▼

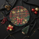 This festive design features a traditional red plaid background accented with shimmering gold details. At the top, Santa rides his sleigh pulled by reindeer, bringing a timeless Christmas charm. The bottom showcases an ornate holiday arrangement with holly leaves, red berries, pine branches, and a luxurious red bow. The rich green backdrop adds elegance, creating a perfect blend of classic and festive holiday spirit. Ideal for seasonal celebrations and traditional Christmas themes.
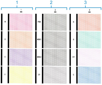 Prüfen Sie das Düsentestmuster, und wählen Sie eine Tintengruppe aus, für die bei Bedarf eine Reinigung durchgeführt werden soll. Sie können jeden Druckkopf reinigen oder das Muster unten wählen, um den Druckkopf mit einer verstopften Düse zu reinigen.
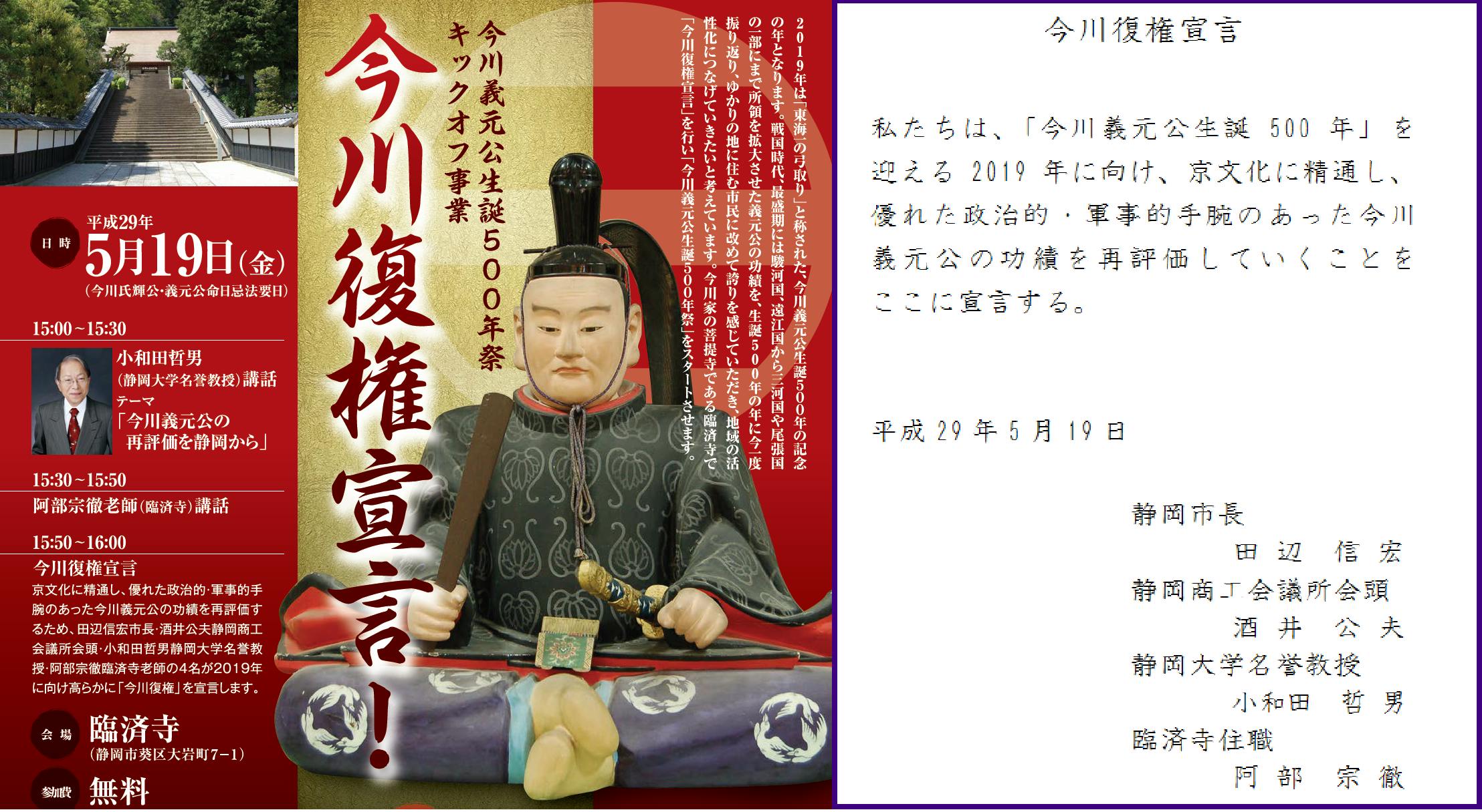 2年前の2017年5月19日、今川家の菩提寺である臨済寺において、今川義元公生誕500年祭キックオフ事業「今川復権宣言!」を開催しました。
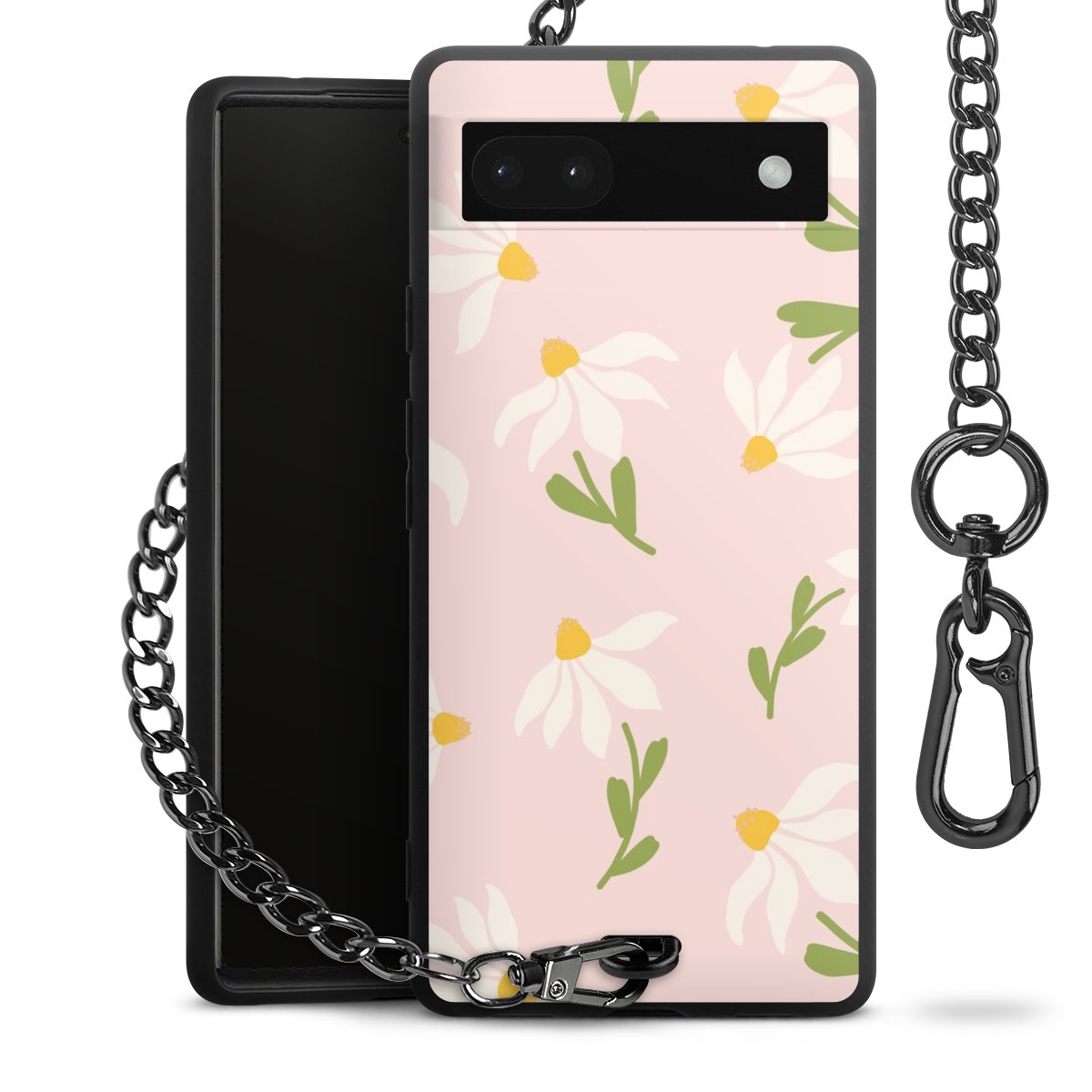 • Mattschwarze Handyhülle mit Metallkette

▲

▸ **INSTRUCTIONS TO FOLLOW**
Omit each picture, then return all of the listing exactly as it stands.

▸ **SOLVED EXERCISE**
 This festive design features a traditional red plaid background accented with shimmering gold details. At the top, Santa rides his sleigh pulled by reindeer, bringing a timeless Christmas charm. The bottom showcases an ornate holiday arrangement with holly leaves, red berries, pine branches, and a luxurious red bow. The rich green backdrop adds elegance, creating a perfect blend of classic and festive holiday spirit. Ideal for seasonal celebrations and traditional Christmas themes.
 Prüfen Sie das Düsentestmuster, und wählen Sie eine Tintengruppe aus, für die bei Bedarf eine Reinigung durchgeführt werden soll. Sie können jeden Druckkopf reinigen oder das Muster unten wählen, um den Druckkopf mit einer verstopften Düse zu reinigen.
 2年前の2017年5月19日、今川家の菩提寺である臨済寺において、今川義元公生誕500年祭キックオフ事業「今川復権宣言!」を開催しました。
 • Mattschwarze Handyhülle mit Metallkette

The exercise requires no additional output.